Я покоя не знаю. Был в Плевне и толкнул дело с Пироговским музеем. Сегодня возвращаю последнюю корректуру моей книжки «Пирогов в Болгарии» – даны все 26 обелисков в Болгарии в качестве признательности Болгарии делу Пирогова у нас, т. е. признательность русским военным чинам.
Я закончил книгу о студентах в Австрии в 1920–1945 гг. Веду переговоры с Партиздатом о ее издании… Ты мне привези вызов, а здесь разберемся…
Подошла пора нашей с папой очередной встречи в Болгарии. Он пишет:
Здравствуй, Ингочка!
Спешу сообщить тебе, что получил две путевки в Варну в Дом отдыха ЦКБ КП. Срок путевки с 7 ноября. Прошу не опаздывать.
Мою книжку о 25-летней антифашистской деятельности болгарских студентов в Австрии принял Партиздат на 1983 г., я ее посвятил тебе. Не знаю, утвердят ли мое посвящение редактора.
Когда я приехала в начале ноября в Софию, было слякотно и шел мокрый снег. На второй день мы уехали с папой в Варну.
Дом наш стоял на самом берегу, прямо от него начинался пляж. Пляжем, конечно, никто не пользовался: ноябрь. У нас был двухкомнатный номер. Рано утром, еще до восхода солнца, я вставала, не зажигая света, быстро натягивала спортивный костюм и выбегала в серое свежее, пахнущее морем утро. Я легко бежала по асфальтированной дорожке, смотрела на градусник, потом по твердому с ночи песку бежала к морю. Я бежала к каменной гряде, уходящей в море, перебиралась по камням как можно дальше; живое солнце выплывало из моря, и я была счастлива.
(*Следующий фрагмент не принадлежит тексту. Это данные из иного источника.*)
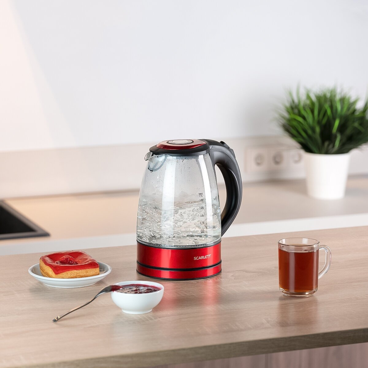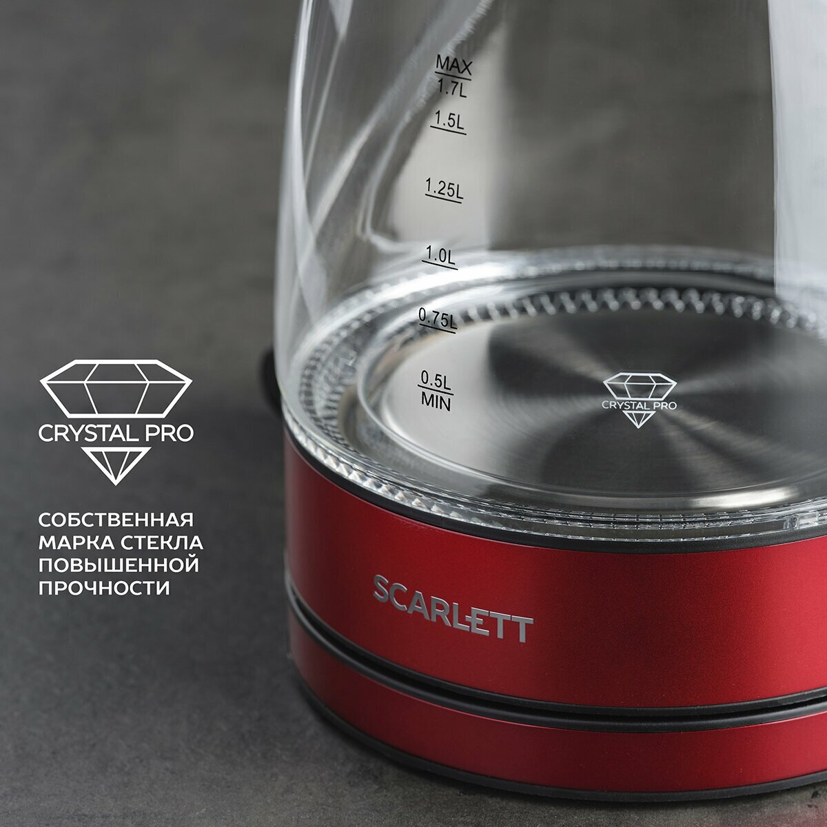 Чайник электрический Scarlett SC-EK27G99 2200 Вт красный 1.7 л стекло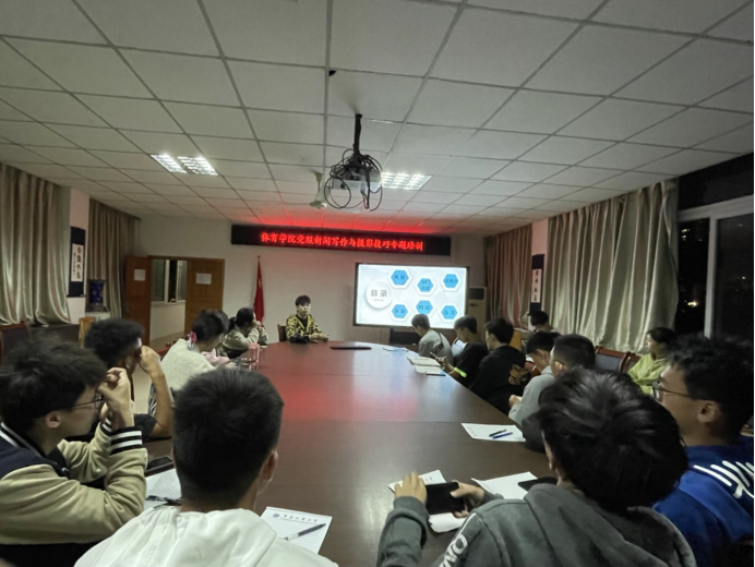 会议首先进行的是新闻稿件培训。但程程同学为大家详细的介绍了工作会议新闻,集会新闻,发布会新闻的运用。启发大家学会根据不同的场景运用不同的新闻编撰方式。而后但程程同学从稿件的结构出发,新闻编撰需紧扣标题,导语,主题,主题,结语。要标题恰当,出席名字,讲话提炼,程序主次,举办意义等。最后但程程同学为我们科普了简单实用的会议记录方法,党员服务站的同学们受益匪浅。

Утром папа делал процедуры, я сидела на балконе и читала, после обеда мы шли на прогулку. Так нас и заснял фотограф. Мы идем по причалу, сзади наш пятиэтажный дом, с одноэтажной, сплошь стеклянной пристроечкой – это наша столовая. Я держу папу под руку, папа прекрасно одет, на нем темные брюки, серый пиджак, поверх легкое пальто в мелкую клеточку. Он в галстуке и белой рубашке. Я в клетчатой зелено-желтой юбке, в бежевом замшевом жакете, на груди длинная связка крупных янтарных бус. Я даже выгляжу элегантной. Я спокойно смотрю в объектив, сдержанно улыбаясь, но выражение лица, поза – все говорит о том, что я счастлива моментом: я с папой, я дружу с ним, я люблю его, он мне дорог. И я опять у папы за спиной, хотя и крепко держу его под руку…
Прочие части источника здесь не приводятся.